Another welcome new feature is the ability to password-protect the search feature. Enabling Lock Search requires a user to enter their Windows password to initiate a desktop search. (If you don't use a password to log in to Windows, you need to set one before the Lock Search feature will work.)
Google Desktop's Search Across Computers features is useful -- but not necessary. Think hard before you decide to use it.
(Click to see complete image.)
Other new additions to Google Desktop include the ability to index Zip files and their contents, and the addition of Advanced Search. This lets you narrow searching to specific file types or specify recently created files. Advanced Search is modal, so selecting files, for example, lets you search within specific folders, if you so choose. Searching within a folder and its subfolders and directories is a new feature of version 3.
There have also been some updates to the Sidebar. New panels are available that let you check local driving traffic, search for jobs, and monitor eBay auctions. Panels can be undocked from the Sidebar and placed anywhere on the desktop. Once they are undocked, you can opt to hide them, or set them to always be on top. Also, in an attempt to build more interest in Google Talk, Google's instant messaging applet, news items, and Web clips can be shared with your Google Talk friends.

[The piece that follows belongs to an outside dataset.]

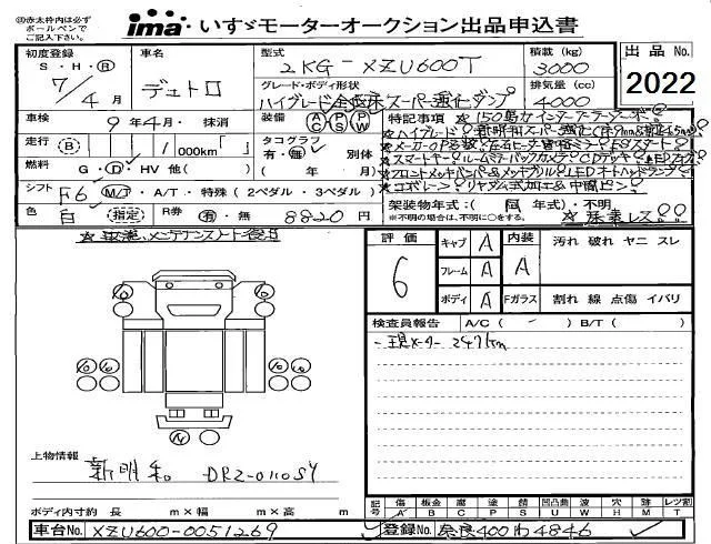 Hino DUTRO с аукциона Японии Isuzu Kobe лот № 2022

Google Desktop is available only for Windows XP or Windows 2000 SP3+.
Conclusion
Google Desktop on its own is a worthy competitor in the field of desktop search. It has the ability to search a range of media types not found in the other desktop search programs, including the Web history of Internet Explorer, Firefox, Mozilla, and Netscape; AIM, MSN Messenger, and Google Talk chats; plus Gmail, Outlook, Outlook Express, Netscape Mail, Thunderbird, and Mozilla Mail. The ability to password-protect searches and remove items from its index are also much-needed additions to help protect personal data.
Networking Pipeline editor Preston Gralla recently reversed his position on Search Across Computers. Originally citing concerns about personal documents being stored on Google's servers, he warned against enabling the feature. After a phone call with a Google representative, he is now using SAC on several PCs. The reason for the change in his comfort level? "At any one time, very little of your information is stored on Google servers."
He's right. Fears about subpoenas may be greatly exaggerated.
However, it doesn't change the overall concerns of security professionals. By using Search Across Computers, employees are transmitting confidential company documents outside existing security systems. The means of transmission and storage (for the limited time documents are on its servers) aren't understood, because Google hasn't explained them. Additionally, the Google Desktop software provides no mechanism for indicating when data is uploaded to a server, when it's accessed by your second computer and when it's deleted from Google's servers. We just don't know.
If Google is going to play in the software market, it needs to take responsibility for communicating what its software does and does not do, in conjunction with the software release. It needs to be more respectful of the burden on security/IT professionals and enable features that help them protect their data. We all know that Google will do no evil, but they need to help make sure that they don't enable it either.